Dynamic Kernel-Based Adaptive Spatial Aggregation for Learned Image Compression

Huairui Wang,Nianxiang Fu,Zhenzhong Chen,Shan Liu
2023-08-17
Abstract:Learned image compression methods have shown superior rate-distortion performance and remarkable potential compared to traditional compression methods. Most existing learned approaches use stacked convolution or window-based self-attention for transform coding, which aggregate spatial information in a fixed range. In this paper, we focus on extending spatial aggregation capability and propose a dynamic kernel-based transform coding. The proposed adaptive aggregation generates kernel offsets to capture valid information in the content-conditioned range to help transform. With the adaptive aggregation strategy and the sharing weights mechanism, our method can achieve promising transform capability with acceptable model complexity. Besides, according to the recent progress of entropy model, we define a generalized coarse-to-fine entropy model, considering the coarse global context, the channel-wise, and the spatial context. Based on it, we introduce dynamic kernel in hyper-prior to generate more expressive global context. Furthermore, we propose an asymmetric spatial-channel entropy model according to the investigation of the spatial characteristics of the grouped latents. The asymmetric entropy model aims to reduce statistical redundancy while maintaining coding efficiency. Experimental results demonstrate that our method achieves superior rate-distortion performance on three benchmarks compared to the state-of-the-art learning-based methods.
Image and Video Processing,Computer Vision and Pattern Recognition,Multimedia
What problem does this paper attempt to address?

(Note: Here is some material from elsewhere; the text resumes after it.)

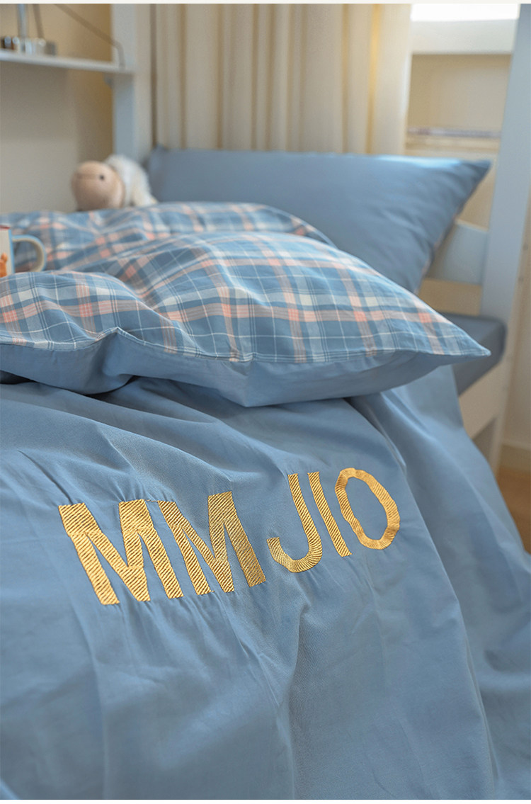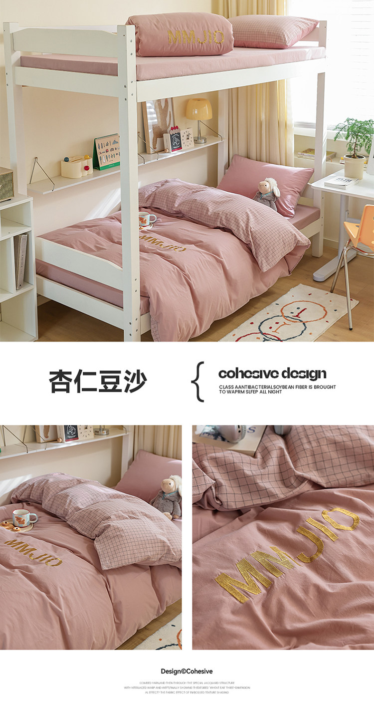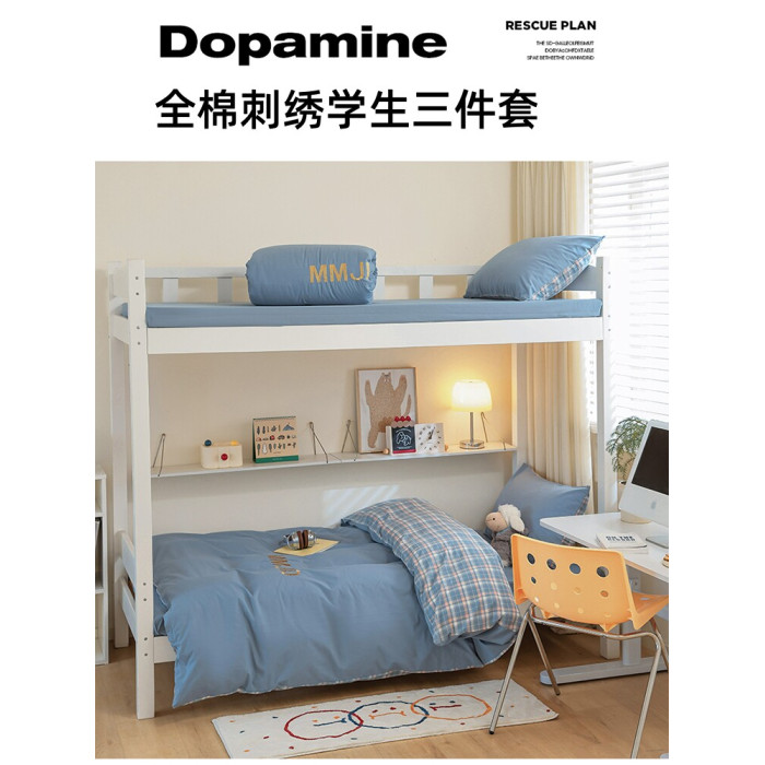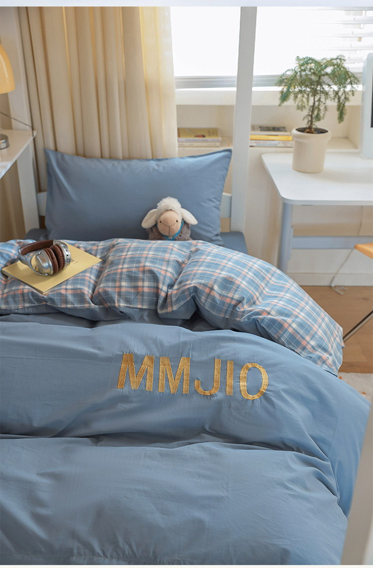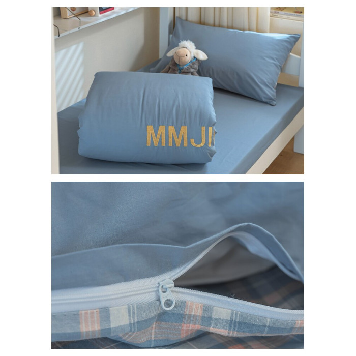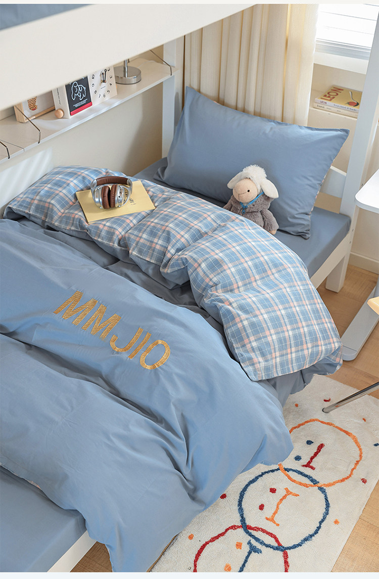 無印良品學生床品宿捨單人床三件套純棉全棉被套純色拼格子四件套

The paper aims to address the rate-distortion performance issue in image compression, particularly by improving spatial aggregation capability and entropy models to surpass traditional image compression methods. Specifically: - **Research Background**: Traditional image compression methods (such as JPEG, BPG, and VVC) are effective but limited by fixed frameworks and lack of flexibility, making it difficult to adapt to different image content. In recent years, deep learning-based image compression methods (Learned Image Compression, LIC) have shown superior performance due to their end-to-end optimization approach. - **Main Issues**: Existing LIC methods based on CNN or window self-attention mechanisms have a fixed spatial information aggregation range during transform coding, and CNN weights are fixed and unchangeable, making it impossible to dynamically adjust according to content. Additionally, while entropy models can capture contextual information, they have limitations in parallel computing. - **Solution**: This paper proposes an adaptive spatial aggregation method based on dynamic kernels, achieving more flexible spatial information aggregation by generating content-related offsets and shared weights. Furthermore, a general coarse-to-fine entropy model is defined, and dynamic kernels are introduced to enhance global context expression capability. An asymmetric spatial-channel entropy model is also proposed to reduce statistical redundancy. - **Experimental Results**: Experiments show that this method outperforms current state-of-the-art learning-based methods in rate-distortion performance on three benchmark datasets while maintaining reasonable model complexity. In summary, by introducing dynamic kernels and improved entropy models, this paper aims to enhance the flexibility and efficiency of deep learning-based image compression techniques, thereby improving compression performance while keeping computational complexity manageable.